### Task directions
Without including any pictures, write out all the entries exactly.

### Exercise input
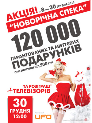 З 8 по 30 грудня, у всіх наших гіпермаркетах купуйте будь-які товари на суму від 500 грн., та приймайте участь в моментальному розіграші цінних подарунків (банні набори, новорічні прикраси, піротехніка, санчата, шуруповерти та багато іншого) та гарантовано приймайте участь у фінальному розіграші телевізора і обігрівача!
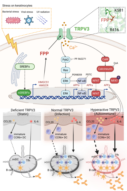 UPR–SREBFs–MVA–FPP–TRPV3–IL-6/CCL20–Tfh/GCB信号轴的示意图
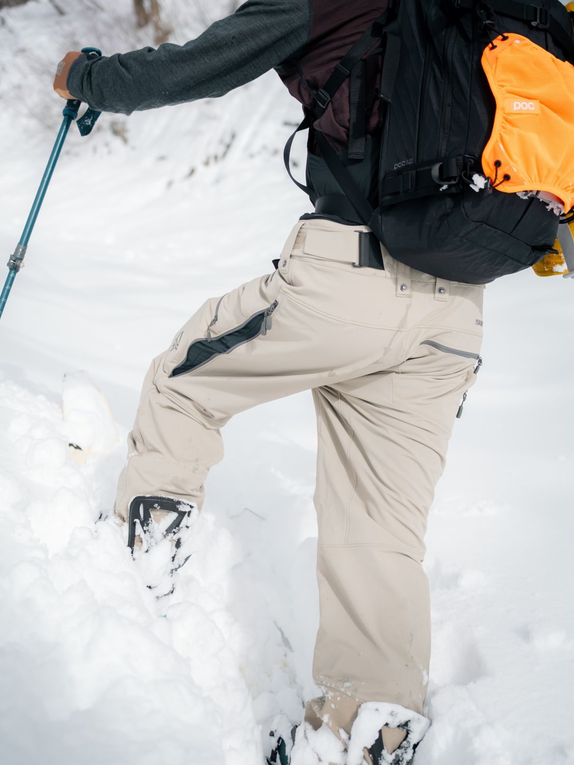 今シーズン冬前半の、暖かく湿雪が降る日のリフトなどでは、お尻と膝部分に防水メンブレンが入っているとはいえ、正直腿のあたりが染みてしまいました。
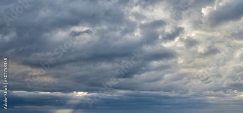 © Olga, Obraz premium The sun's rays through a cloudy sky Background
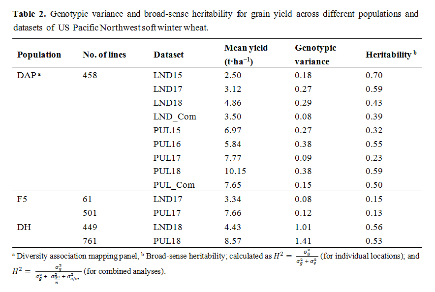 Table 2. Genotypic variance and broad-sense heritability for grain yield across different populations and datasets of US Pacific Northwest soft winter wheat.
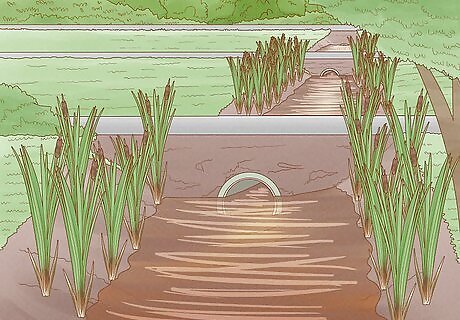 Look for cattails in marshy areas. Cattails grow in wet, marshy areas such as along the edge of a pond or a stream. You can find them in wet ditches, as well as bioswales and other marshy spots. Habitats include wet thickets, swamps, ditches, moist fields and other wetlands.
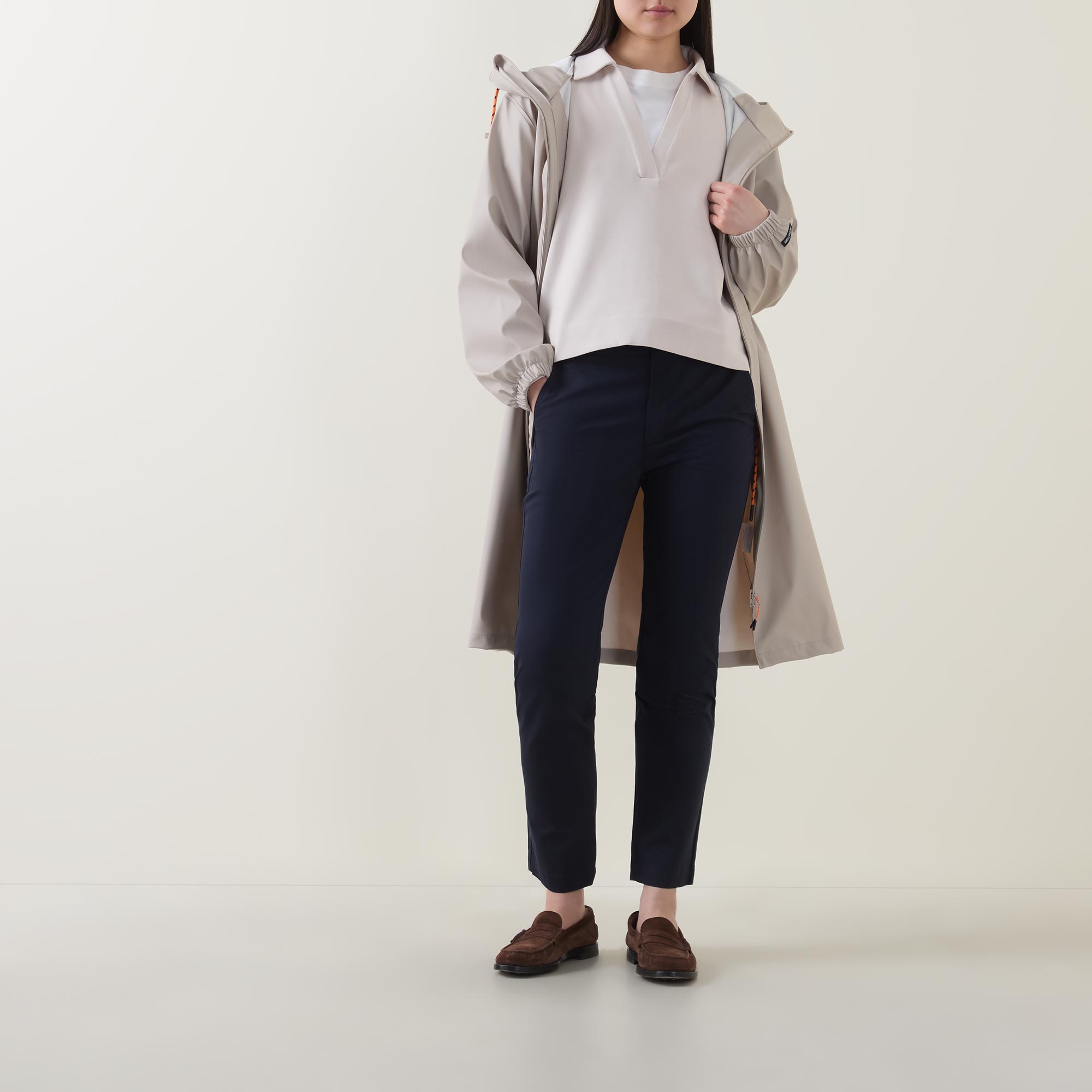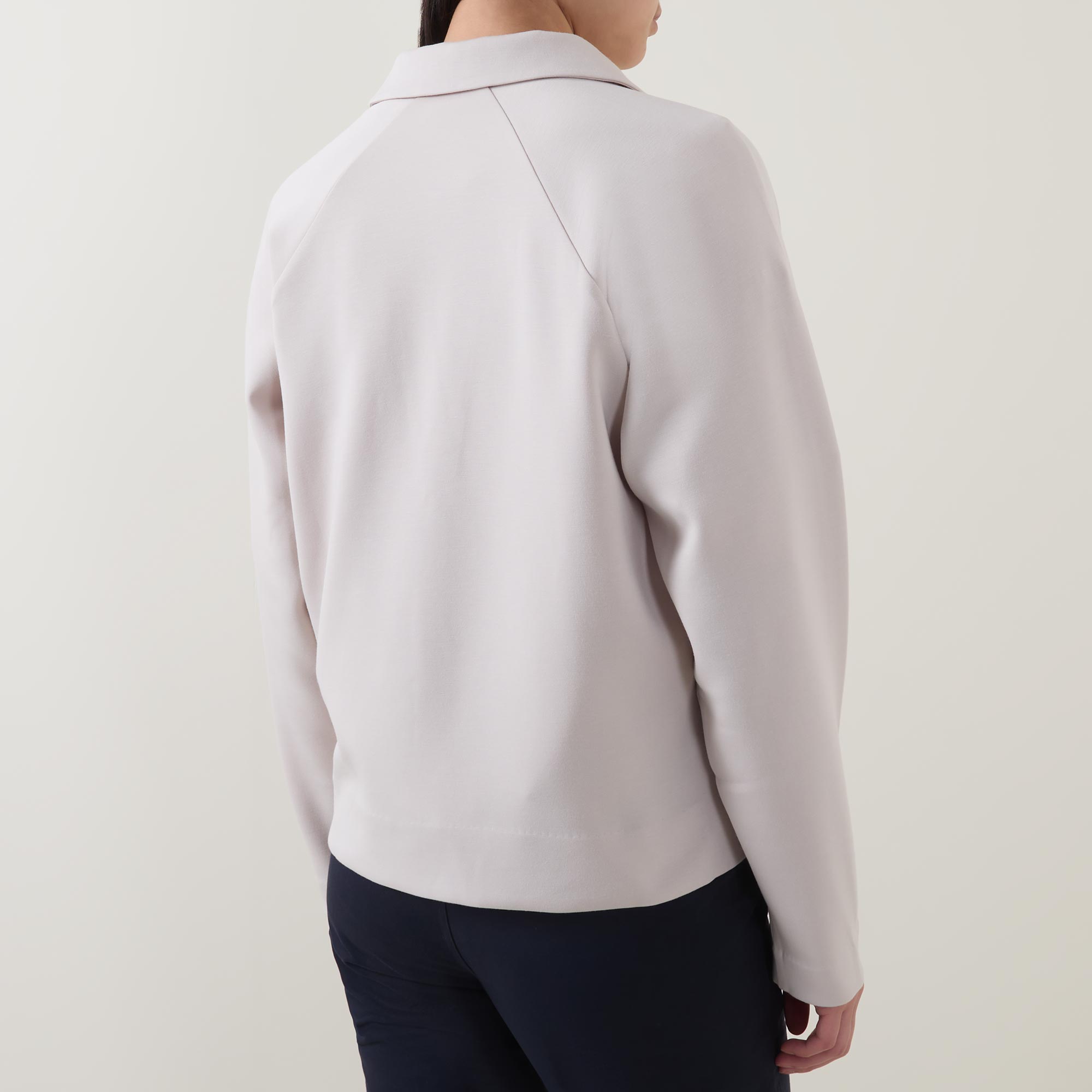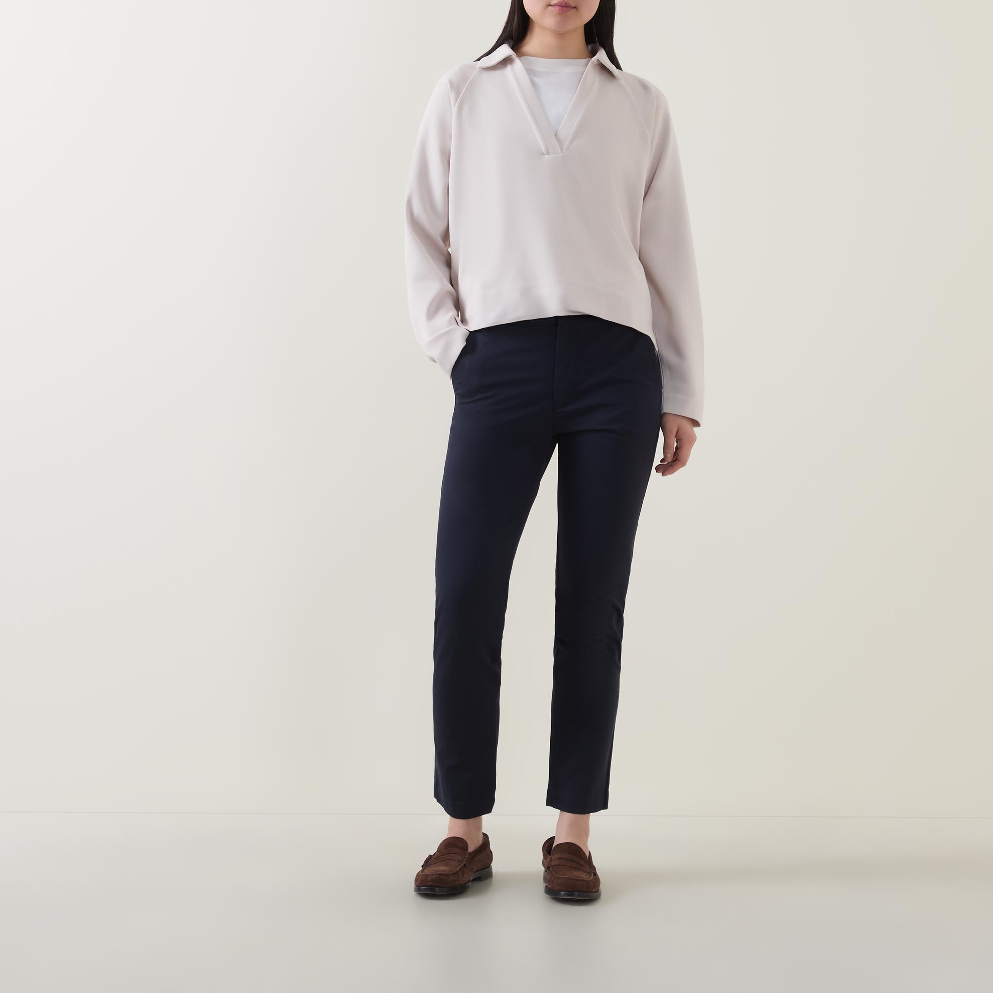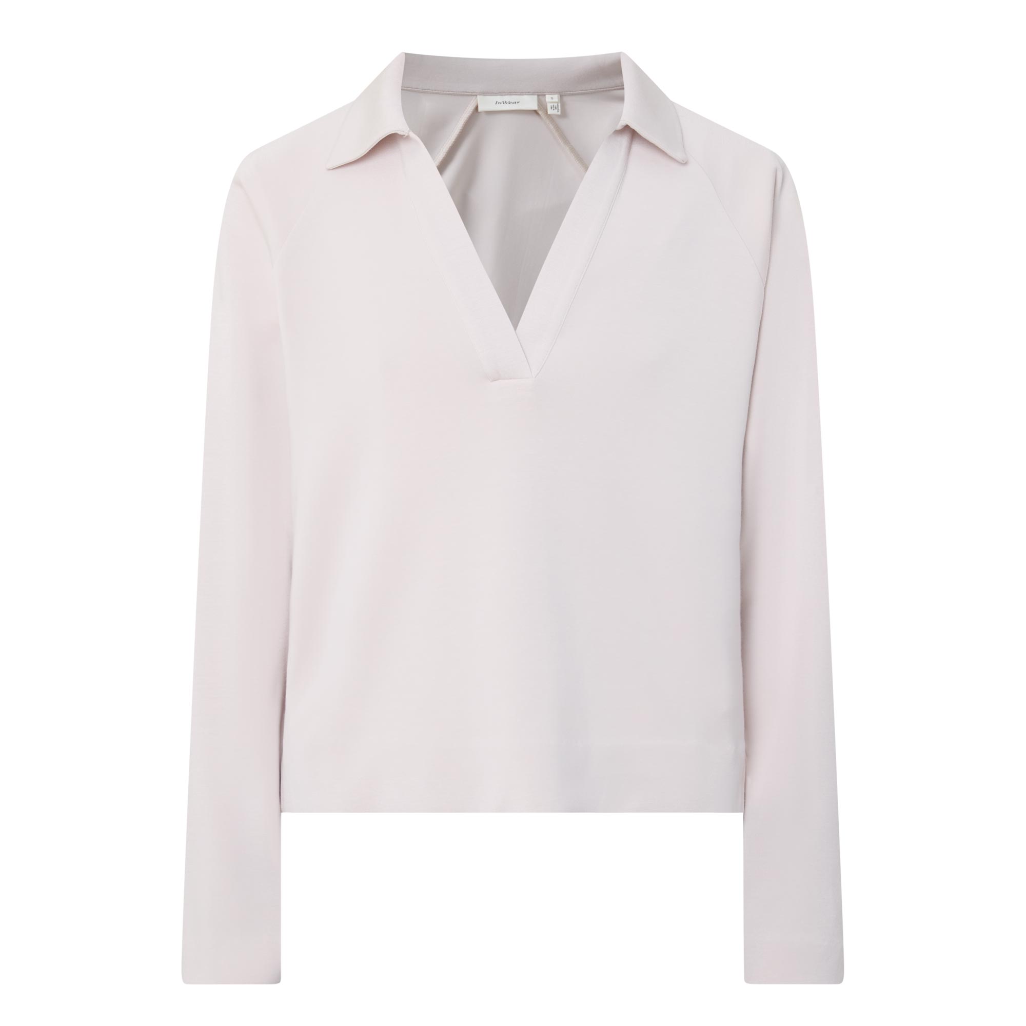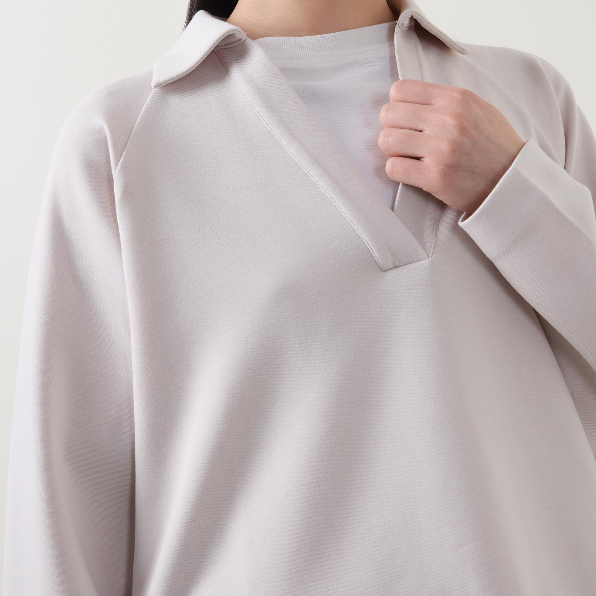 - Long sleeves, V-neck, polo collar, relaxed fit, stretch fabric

### Exercise result
 З 8 по 30 грудня, у всіх наших гіпермаркетах купуйте будь-які товари на суму від 500 грн., та приймайте участь в моментальному розіграші цінних подарунків (банні набори, новорічні прикраси, піротехніка, санчата, шуруповерти та багато іншого) та гарантовано приймайте участь у фінальному розіграші телевізора і обігрівача!
 UPR–SREBFs–MVA–FPP–TRPV3–IL-6/CCL20–Tfh/GCB信号轴的示意图
 今シーズン冬前半の、暖かく湿雪が降る日のリフトなどでは、お尻と膝部分に防水メンブレンが入っているとはいえ、正直腿のあたりが染みてしまいました。
 © Olga, Obraz premium The sun's rays through a cloudy sky Background
 Table 2. Genotypic variance and broad-sense heritability for grain yield across different populations and datasets of US Pacific Northwest soft winter wheat.
 Look for cattails in marshy areas. Cattails grow in wet, marshy areas such as along the edge of a pond or a stream. You can find them in wet ditches, as well as bioswales and other marshy spots. Habitats include wet thickets, swamps, ditches, moist fields and other wetlands.
 - Long sleeves, V-neck, polo collar, relaxed fit, stretch fabric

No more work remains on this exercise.